Since we made a commitment to God to grow through conversion growth only, waking up every day and desperately praying for God to bring non-Christians our way has been the indispensible linchpin of our philosophy of ministry.
Not surprisingly, I’ve noticed that when I’ve stopped evangelizing over the years, and it has happened on occasion, the church collectively lost its heartbeat for reaching non-Christians.
The way this happens is interesting.
1. Congregations, left to their own devices, will un-work their way out of any habit within one year’s time.
What that means is if you as the Senior Pastor stop personally evangelizing people, your congregation and staff will continue to collectively evangelize through another season of ministry, roughly one year, before they stop altogether. The reason is the last vestiges of your personal example, shared through vision casting (i.e. the personal stories you share of evangelistic adventures during each of your sermons) will have worn off by then.

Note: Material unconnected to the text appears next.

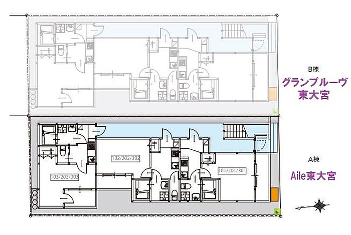 Aile東大宮(エールヒガシオオミヤ) 301 1K/3階

The problem is that once a Christian loses their passion to reach lost people, it is nearly impossible for them to start evangelizing again.
Think of the people you’ve led to Christ who ended up passionately evangelizing their friends.
Now think of your friends who came to Christ, started reaching their friends for Christ, stopped for a year or two, then miraculously started getting fired up about evangelism again. You can’t think of many people who have done that, can you? It rarely happens.
The principle is simple: if you remain passionately committed to evangelism, so will the people you serve.
But, if you stop, or take your eye off the ball for a ministry season, you will lose such a large swath of people committed to reaching the lost that even if they do recover that zeal again, your congregation won’t see the church-wide effects for roughly two years (sometimes sooner, but usually longer). That’s because…
2. It takes two years of hard work to help a congregation regain its evangelistic edge.
I tell the Senior Pastors I coach that we can make personal changes on a dime, but unfortunately we can’t change our church cultures on a dime. It takes time and emotional energy to re-engage people with an evangelistic vision.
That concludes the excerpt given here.